I focused on CEO pay to refute your argument that IS Healthcare is so overpriced because of staffing.
If that were true the CEO wouldn’t be making roughly 200 times the salary of their average employee and could easily mitigate the problem with less bonus/stock options (which are typically the bulk of their compensation).
Not sure why you’re having issues with the second article. I can get to it just fine with an adblocker and reader mode but you can still get the code argument from the URL and title themselves:
UnitedHealth Group reported $22 billion in 2023 profits including $5.5 billion in the fourth quarter as its portfolio of health insurance and provider services grew by double-digit percentages.
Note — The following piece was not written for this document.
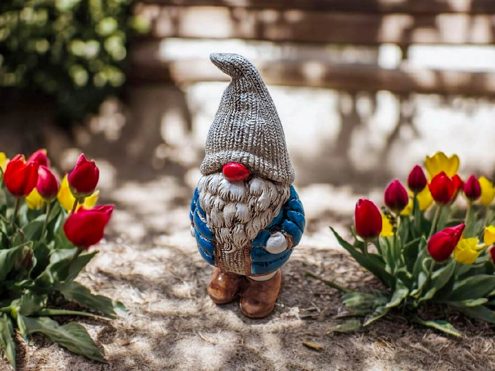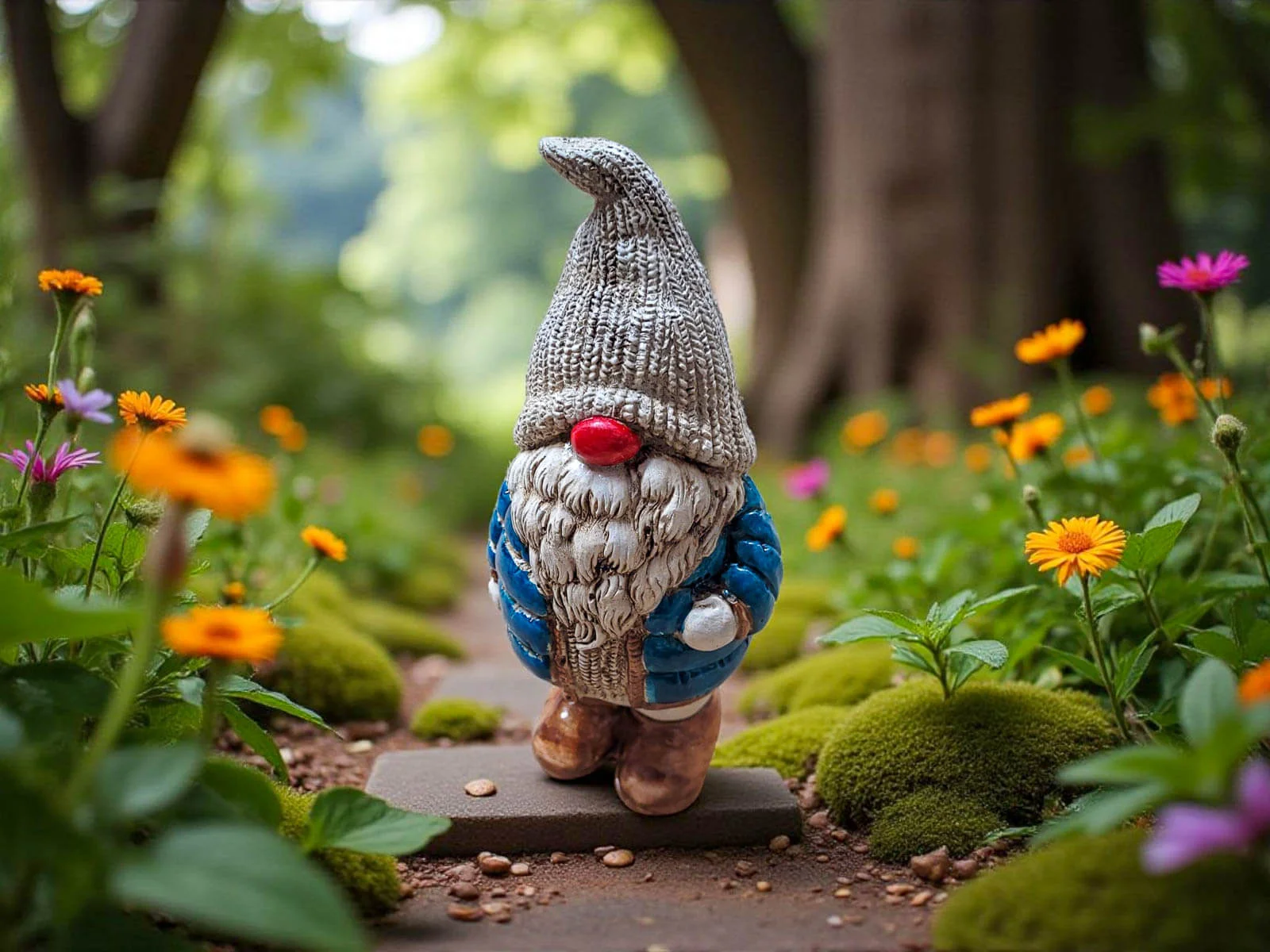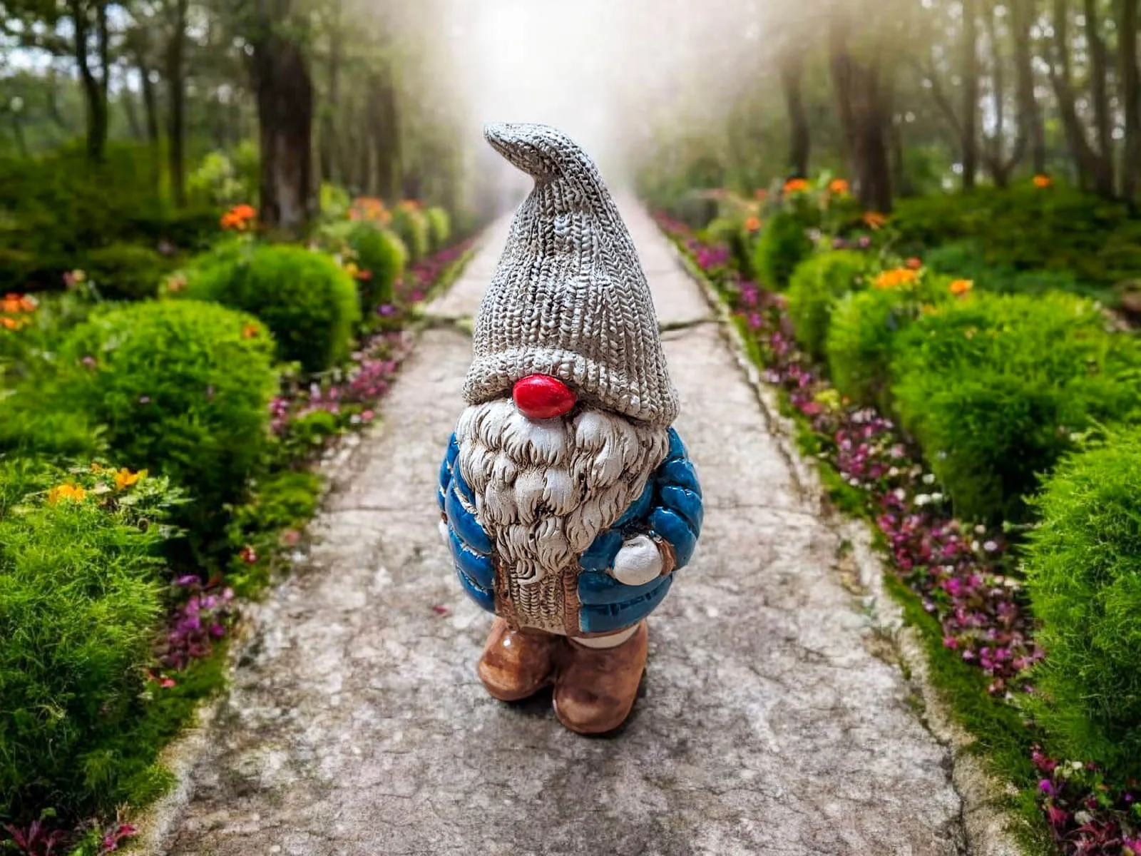 Skrzat ubrany jest w turkusową puchową, pikowaną kurtkę, która nadaje mu przytulny, zimowy charakter. Na głowie ma ciepłą, miękką czapę, opadającą na oczy, co dodaje mu uroku i tajemniczości. Jego długa, gęsta broda oraz duży, czerwony nos sprawiają, że wygląda niezwykle sympatycznie – jak prawdziwy strażnik domowego ciepła i świątecznego nastroju.

wintermute_oregon@lemm.ee 6 months ago
It doesn’t refute that at all. CEO pay is a fraction of total cost. It isn’t the reason why cost are going up and it’s illogical to come to that conciliation. United health group is an insurance provider. You’re confusing health insurance with medical care. Health insurance does not provide care. They pay the bills.
Their revenue was 370 billion. 22 billion is about 8% profit which is slim.
BobaFuttbucker@reddthat.com 6 months ago
I’m not confusing one for another, this entire exchange I’ve been talking about the industry at large. CEO pay was one focus, healthcare wages are another, insurance company profits are something else. It’s all part of the same system that exorbitantly overpriced and very ineffective for the cost.
$370B = $370B from health expenses……paid by the insured (us).
8% profit is still $22B. It may be slim compared to revenue but that’s $22B in profit made from citizens who often aren’t even getting the care they’re paying for.
penncapital-star.com/…/americans-suffer-when-heal…
Quantifying a qualitative product inevitably leads to a deterioration of the quality of the product.
wintermute_oregon@lemm.ee 6 months ago
And what is your solution ? You just want to eliminate health insurance ?
BobaFuttbucker@reddthat.com 6 months ago
No, I think we should limit the cost of drugs based solely on cost to manufacture and distribute, and pay those operational costs.
I think we should expect to receive healthcare from medical professionals and pay them for their time and operational costs.
I think private health insurance existing as an optional, supplemental option is a step in the correct direction.
I think profiting off such a system is parasitic to out wellbeing and detrimental to the betterment of society.
Ultimately we need to look at healthcare and education as an investment in our country’s well-being.
A population that is healthy, educated and safe is a population that can fight better and innovate more. A country that fails to produce an effective population is not a successful country for long.